Other Metaphors

I draw on the technical metaphor of multiplexing to explain an aspect of my current practice (and perhaps a broader tendency within contemporary art) because it responds to the notion of interference. Instead of disrupting and corrupting the signal (from a notionally exterior position), multiplexing suggests an interleaving of diverse signals within an overall signal field. Art loses its heroic autonomy – its sense of innocent distance and alien viral force – and reveals a more mundane, complicit and opportunistic aspect. At the same time, in avoiding the bad faith of an illusory critical autonomy, it comes to recognise its genuine powers of attachment, its actual potential for engagement.
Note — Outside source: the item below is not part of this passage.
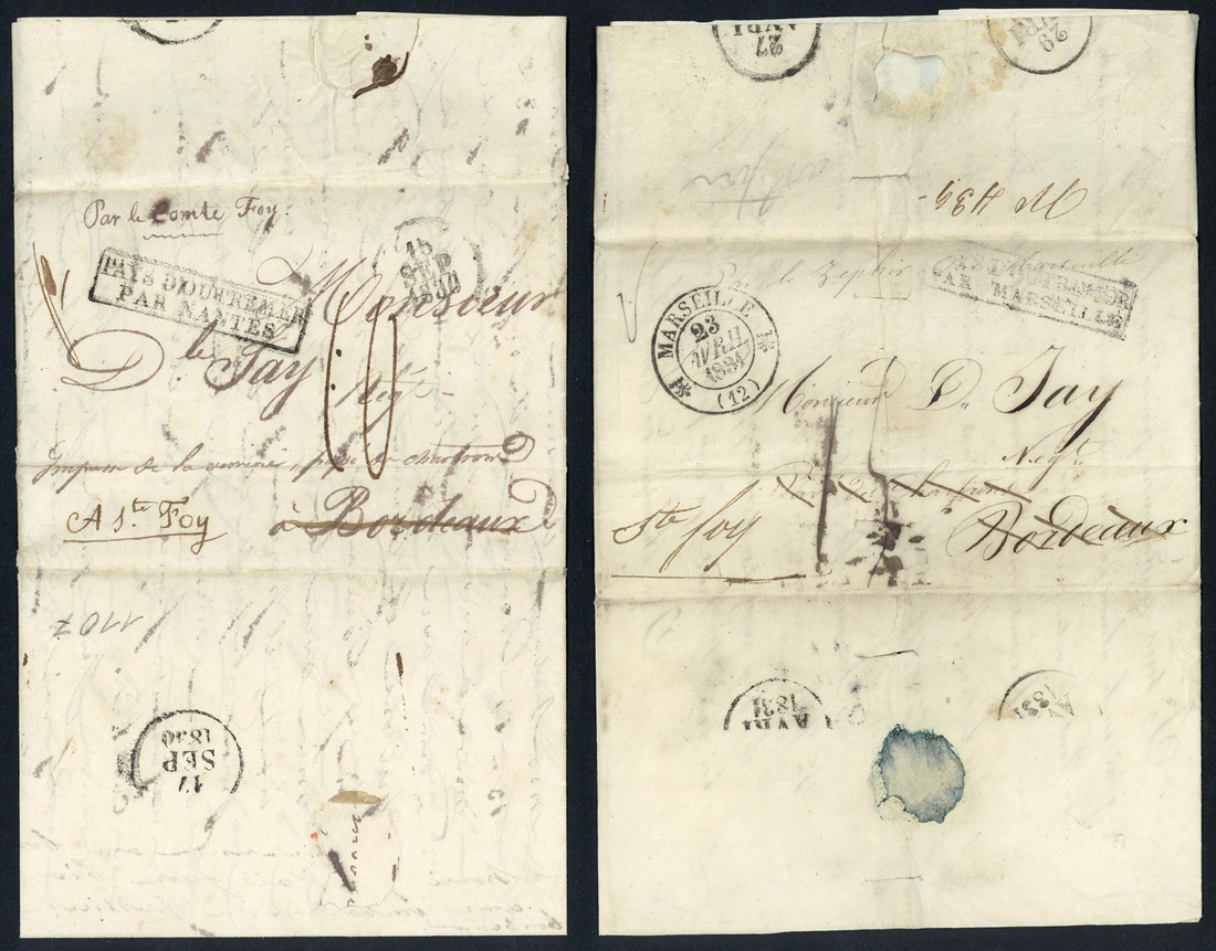 1830 (20 July) entire letter from St. Loius to Bordeaux, showing framed "pays d'outremer/par nantes", and 1831 (13 Mar.) entire letter (with disinfection slits) ex the same correspondence from Gorée to Bordeaux, showing framed "pays d'outremer/par marseille", charged "10" and "15" (decimes) respectively, both have been forwarded

But I could have employed other metaphors. I have already, for instance, spoken of grafting and of piggy-backing. Art could also be positioned as a component (in the sense of the colour components in a RGB signal), or, in terms of the language of computer programming, as an interface, mix-in or trait. The latter are all means of enabling polymorphic entities – entities that are not derived from a single class blue-print, but that reveal a dimension of multiple inheritance, and, as such, a capacity to be both this and that, to be recognised equally as one thing and another. A spaceship entity in a game can both descend from a general spaceship class (and as such be positioned within a set of spaceship objects) and also draw from of any number of more generally defined traits – elusiveness, capacity to animate, capacity to die and be reborn, etc. In a similar manner, I associate the art trait with my walking and running and the latter become polymorphic. They obtain an additional aspect. They no longer simply correspond to the set of outdoor leisure activities, but also to the set of art activities. They demonstrate an integral multiplicity. There is no need to decide absolutely between one mode of categorisation and another. The dimensions are not mutually exclusive but multiplexed.